1) Support an open source project because it reduces the competition's
advantages. E.g. IBM supporting Linux to reduce MS' advantages. If you're a
startup looking to fight somebody big, you can use OSS as a tactic to level
the playing field somewhat.

2) Break up your offering into proprietary and open parts. The former should
align with your (hopefully unique) strengths, or maybe legally protected
methods, the latter should be code that compliments it but is not
strategically important. The open source aspect gets you attention, users and
hopefully code contributions. The proprietary aspect you sell to customers who
are happy to pay for e.g. convenience, speed, quality, user interface,
attention to detail.

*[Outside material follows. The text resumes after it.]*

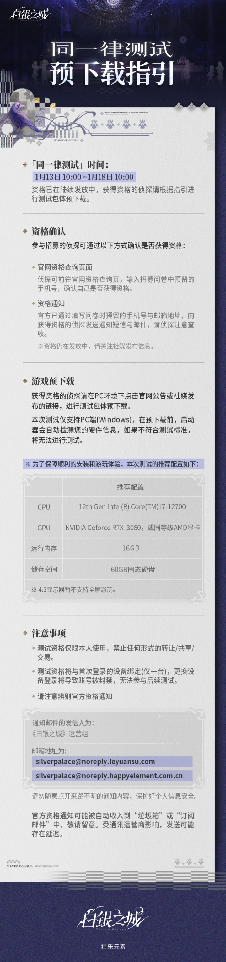 「同一律测试」定档,资格已在陆续发放中▍「同一律测试」时间:1月13日 10:00 ~1月18日 10:00▍侦探可通过以下链接查询资格获取情况https://heurl.cn/webspcn获得资格的侦探可根据指引进行测试包体预下载。详情请参考长图。#白银之城 #同一律测试

An example is Apple supporting various non-core open
source projects, like Webkit or FreeBSD, that they build on top of.

------
dasil003
This article seems to stem from the ridiculous premise that _the_ open source
question is whether a software company should take their core product and
simply open source it. It's no wonder a lot of software companies balk at the
thought. It's ridiculous.

The issue of open source is about value, not cash. With open source a lot more
value is created because more users and more developers means better quality.
This extra value can translate into a winning scenario for a software company
open sourcing some of their components, because they get more robust software
essentially for free.

The trick is to release components that have broad use cases, ie. the stuff
that's ripe for commodification anyway. Thinking that stuff gives you a
competitive advantage is fool-hardy because by definition, there are always
going to be more developers outside your organization than in it, so anything
that's broadly useful is going to be done better by open source than your
company will be able to manage, so why not proactively take control of the
situation and build your own open source community.

But there's no value in releasing your own secret sauce. Companies like Google
and Facebook inherently understand that which is why they release things like
GWT and Cassandra without a second thought. Yes it's serious software that
contributes to their competitive advantage, but it doesn't give anybody a jump
start on eating their lunch.

------
patio11
I got paid to work on OSS (OpenId4Java) this month by the day job. OSS largely
makes my closed source application possible, since the majority of my
toolchain is OSS and leveraging it makes it possible for me to develop new
features much, much faster than I could myself.

In terms of actually making money through _writing_ OSS, I've gotten
significant returns out of writing A/Bingo. Mostly that has been through
direct use of the program, but it has also been one of my best strategies ever
for getting links, and I suppose if I wanted to do consulting the trickle of
people saying "Would you be interested in consulting on ...?" would have
value, too.

P.S: From the article: "Support, by the way, is a horrible business." Ye gods,
yes. Who _wants_ to get into this, honestly?

------
woid
Working pretty hard on my open-source projects at <http://binaryage.com>.

Until today I've got $12 in contributions via addons.mozilla.com :-) But I'm
optimistic I hope someday I will be able to do it full time and possibly make
living from it. But it seems I have a long journey ahead, for the meantime I
had to stick with freelance/client work ...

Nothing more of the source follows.